When the TFA-MOD method is used, an oxide superconducting thin film excellent in in-plane orientation can be obtained, and Patent Document 1 proposes a method for manufacturing a thick film superconductor using the TFA-MOD method. However, in the TFA-MOD method, fluoride, specifically, for example, BaF ₂ is generated during calcination, and this BaF ₂ is decomposed during firing to generate dangerous hydrogen fluoride gas. Therefore, an apparatus and equipment for processing hydrogen fluoride gas are required (Non-Patent Documents 1 and 2).

On the other hand, since the fluorine-free MOD method does not generate a dangerous gas such as hydrogen fluoride, it has an advantage that it is environmentally friendly and does not require processing equipment. However, in the fluorine-free MOD method, during calcination, an alkaline earth metal carbonate, specifically, for example, BaCO ₃ is generated and included in the calcination film. If this BaCO ₃ is not decomposed during the firing process, crystallization of the superconductor does not occur. In the conventional heat treatment method, BaCO ₃ is thermally decomposed during the main baking process, but the crystal orientation may be disturbed.

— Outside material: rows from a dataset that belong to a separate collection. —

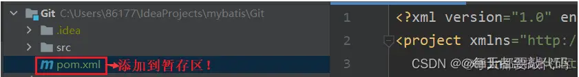 此时pom.xml文件是绿色的,意思就是已经添加到暂存区
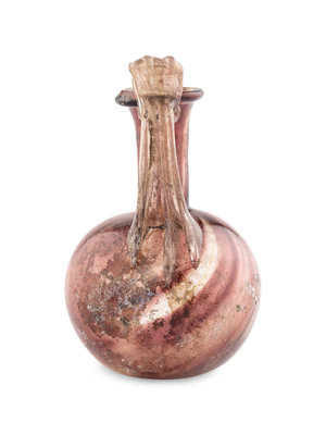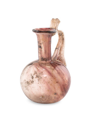 A Roman Glass Jug with Fluted Handle and Thumb Rest
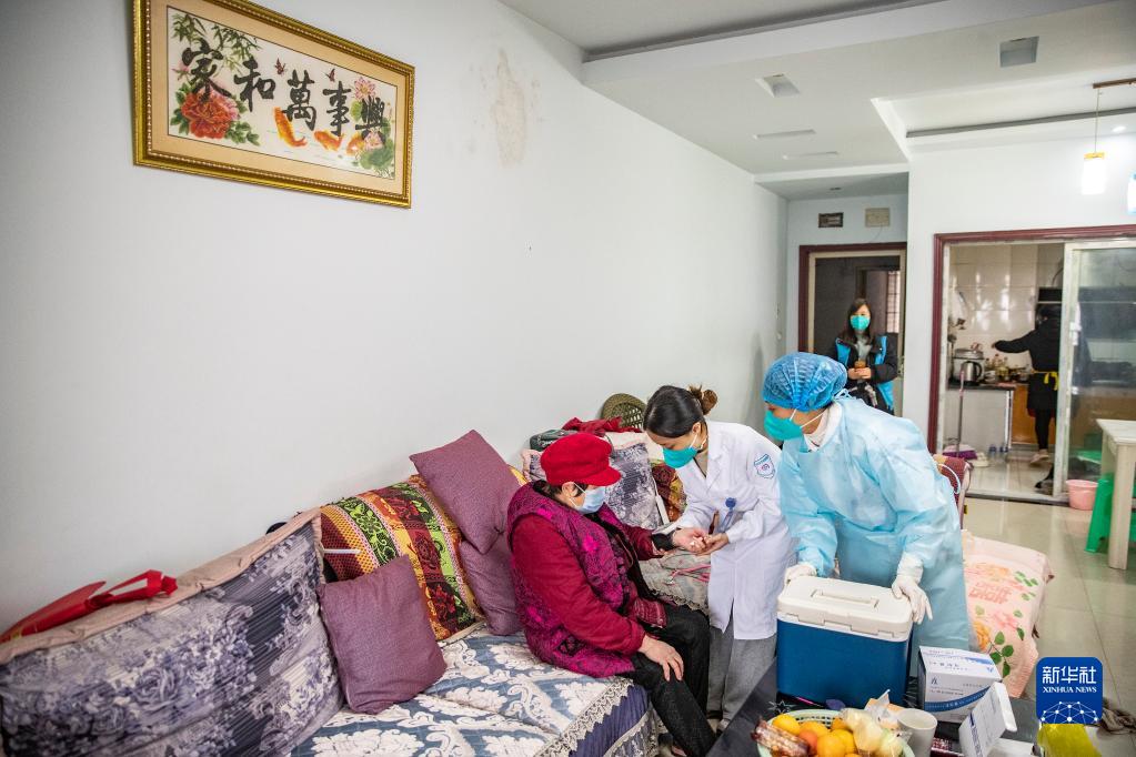 12月16日,在重慶市永川區中山路街道紅河路社區,永川婦幼保健院醫護人員組成的流動(dòng)接種小分隊為上門(mén)接種疫苗的老年人測量血壓。

This is because voids are generated in the film by the CO ₂ gas generated at the time of decomposition, and crystal growth from the substrate is inhibited, or BaCO ₃ is decomposed everywhere in the film, and crystal growth starts from that part. This is thought to be due to the failure. For this reason, when the film thickness is set to a certain value or more, Jc rapidly decreases and Ic rapidly decreases, or the characteristics cannot be obtained with good reproducibility at a film thickness at which high Jc is easily obtained.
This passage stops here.